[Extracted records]
[Start of Attachment]
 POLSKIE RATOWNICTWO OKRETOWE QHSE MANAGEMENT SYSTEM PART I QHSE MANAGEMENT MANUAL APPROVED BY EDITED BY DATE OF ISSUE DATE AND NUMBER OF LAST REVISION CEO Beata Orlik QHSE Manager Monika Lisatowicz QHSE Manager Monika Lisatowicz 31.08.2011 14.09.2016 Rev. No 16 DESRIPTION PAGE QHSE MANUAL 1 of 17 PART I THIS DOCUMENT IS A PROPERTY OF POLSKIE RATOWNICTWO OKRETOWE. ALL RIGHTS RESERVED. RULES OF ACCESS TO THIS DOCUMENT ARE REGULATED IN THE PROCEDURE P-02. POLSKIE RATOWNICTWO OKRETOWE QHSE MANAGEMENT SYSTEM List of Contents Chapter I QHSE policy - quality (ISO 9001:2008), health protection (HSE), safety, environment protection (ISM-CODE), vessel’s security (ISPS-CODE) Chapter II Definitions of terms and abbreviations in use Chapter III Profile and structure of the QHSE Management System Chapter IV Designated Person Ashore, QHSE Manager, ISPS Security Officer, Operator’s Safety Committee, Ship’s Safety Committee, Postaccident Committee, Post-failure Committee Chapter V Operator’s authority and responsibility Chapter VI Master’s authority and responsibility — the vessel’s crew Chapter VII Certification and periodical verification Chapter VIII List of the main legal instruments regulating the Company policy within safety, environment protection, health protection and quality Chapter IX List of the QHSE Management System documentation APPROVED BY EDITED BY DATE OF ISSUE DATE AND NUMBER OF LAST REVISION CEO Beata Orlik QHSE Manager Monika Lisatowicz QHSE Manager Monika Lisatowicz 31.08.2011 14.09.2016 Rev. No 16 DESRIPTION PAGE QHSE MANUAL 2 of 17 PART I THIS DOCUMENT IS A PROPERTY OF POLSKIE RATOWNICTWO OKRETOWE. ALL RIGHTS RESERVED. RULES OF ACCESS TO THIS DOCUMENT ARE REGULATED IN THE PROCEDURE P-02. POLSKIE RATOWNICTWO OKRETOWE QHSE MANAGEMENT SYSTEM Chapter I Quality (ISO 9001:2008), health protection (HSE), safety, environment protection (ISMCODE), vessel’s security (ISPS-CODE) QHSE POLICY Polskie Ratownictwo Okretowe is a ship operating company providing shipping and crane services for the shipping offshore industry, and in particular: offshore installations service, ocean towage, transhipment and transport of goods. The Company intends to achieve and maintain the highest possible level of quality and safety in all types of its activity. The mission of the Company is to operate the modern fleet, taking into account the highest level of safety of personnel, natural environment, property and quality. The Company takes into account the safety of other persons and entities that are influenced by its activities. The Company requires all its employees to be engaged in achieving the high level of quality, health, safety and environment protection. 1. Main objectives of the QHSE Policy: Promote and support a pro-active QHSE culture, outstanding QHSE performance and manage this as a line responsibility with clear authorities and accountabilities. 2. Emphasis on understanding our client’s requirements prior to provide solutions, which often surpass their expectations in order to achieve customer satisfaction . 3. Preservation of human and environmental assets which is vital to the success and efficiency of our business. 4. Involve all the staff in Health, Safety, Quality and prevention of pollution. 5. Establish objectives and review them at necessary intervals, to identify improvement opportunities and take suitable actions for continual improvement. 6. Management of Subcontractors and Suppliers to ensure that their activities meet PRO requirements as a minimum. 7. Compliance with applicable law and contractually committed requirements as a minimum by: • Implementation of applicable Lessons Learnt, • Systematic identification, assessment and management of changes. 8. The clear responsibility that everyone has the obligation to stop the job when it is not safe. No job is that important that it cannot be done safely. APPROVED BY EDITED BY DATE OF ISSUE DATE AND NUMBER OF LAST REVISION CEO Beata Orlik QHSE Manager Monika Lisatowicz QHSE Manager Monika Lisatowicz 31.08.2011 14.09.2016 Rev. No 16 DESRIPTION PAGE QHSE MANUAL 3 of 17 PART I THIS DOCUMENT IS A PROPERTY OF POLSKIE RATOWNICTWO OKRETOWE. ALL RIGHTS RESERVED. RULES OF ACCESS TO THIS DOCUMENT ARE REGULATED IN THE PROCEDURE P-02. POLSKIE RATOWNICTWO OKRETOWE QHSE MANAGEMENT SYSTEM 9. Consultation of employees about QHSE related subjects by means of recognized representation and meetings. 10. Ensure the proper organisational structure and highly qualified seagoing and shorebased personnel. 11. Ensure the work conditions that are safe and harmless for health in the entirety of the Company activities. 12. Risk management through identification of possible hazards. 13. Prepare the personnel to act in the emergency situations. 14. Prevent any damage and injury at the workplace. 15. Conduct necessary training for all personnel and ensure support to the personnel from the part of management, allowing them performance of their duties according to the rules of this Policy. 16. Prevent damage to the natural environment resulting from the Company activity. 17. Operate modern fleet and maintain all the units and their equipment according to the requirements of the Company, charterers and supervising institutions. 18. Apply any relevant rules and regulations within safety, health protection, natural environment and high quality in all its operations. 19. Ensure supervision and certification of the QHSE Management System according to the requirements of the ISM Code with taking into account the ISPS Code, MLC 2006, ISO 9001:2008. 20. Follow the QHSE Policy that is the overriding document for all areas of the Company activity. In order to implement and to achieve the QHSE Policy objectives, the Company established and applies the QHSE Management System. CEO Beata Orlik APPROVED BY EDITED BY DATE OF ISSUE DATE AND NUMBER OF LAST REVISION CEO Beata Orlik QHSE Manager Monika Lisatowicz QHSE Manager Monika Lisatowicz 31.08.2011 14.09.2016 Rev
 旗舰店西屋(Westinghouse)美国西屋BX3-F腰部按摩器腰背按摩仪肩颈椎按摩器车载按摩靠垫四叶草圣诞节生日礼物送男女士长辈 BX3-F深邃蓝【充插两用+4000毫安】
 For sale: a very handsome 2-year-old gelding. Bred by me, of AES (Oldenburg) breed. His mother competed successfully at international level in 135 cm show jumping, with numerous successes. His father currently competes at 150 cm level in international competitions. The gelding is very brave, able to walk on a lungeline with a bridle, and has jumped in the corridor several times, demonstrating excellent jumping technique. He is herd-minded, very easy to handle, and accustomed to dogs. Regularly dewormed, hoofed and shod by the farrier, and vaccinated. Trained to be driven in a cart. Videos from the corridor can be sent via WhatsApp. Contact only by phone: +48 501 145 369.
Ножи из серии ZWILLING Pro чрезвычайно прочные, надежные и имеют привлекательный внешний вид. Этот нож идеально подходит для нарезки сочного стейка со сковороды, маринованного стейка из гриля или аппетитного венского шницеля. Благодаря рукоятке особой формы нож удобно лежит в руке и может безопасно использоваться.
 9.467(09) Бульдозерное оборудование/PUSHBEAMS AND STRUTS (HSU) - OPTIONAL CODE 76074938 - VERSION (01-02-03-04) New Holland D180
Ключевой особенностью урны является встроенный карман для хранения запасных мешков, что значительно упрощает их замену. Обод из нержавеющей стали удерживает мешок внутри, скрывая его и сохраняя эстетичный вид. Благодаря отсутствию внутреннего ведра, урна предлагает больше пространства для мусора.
[End of Attachment]
- **Work item**
Report each line of the data in which "Благодаря" occurs.

- **Result of this exercise**
Ножи из серии ZWILLING Pro чрезвычайно прочные, надежные и имеют привлекательный внешний вид. Этот нож идеально подходит для нарезки сочного стейка со сковороды, маринованного стейка из гриля или аппетитного венского шницеля. Благодаря рукоятке особой формы нож удобно лежит в руке и может безопасно использоваться.
Ключевой особенностью урны является встроенный карман для хранения запасных мешков, что значительно упрощает их замену. Обод из нержавеющей стали удерживает мешок внутри, скрывая его и сохраняя эстетичный вид. Благодаря отсутствию внутреннего ведра, урна предлагает больше пространства для мусора.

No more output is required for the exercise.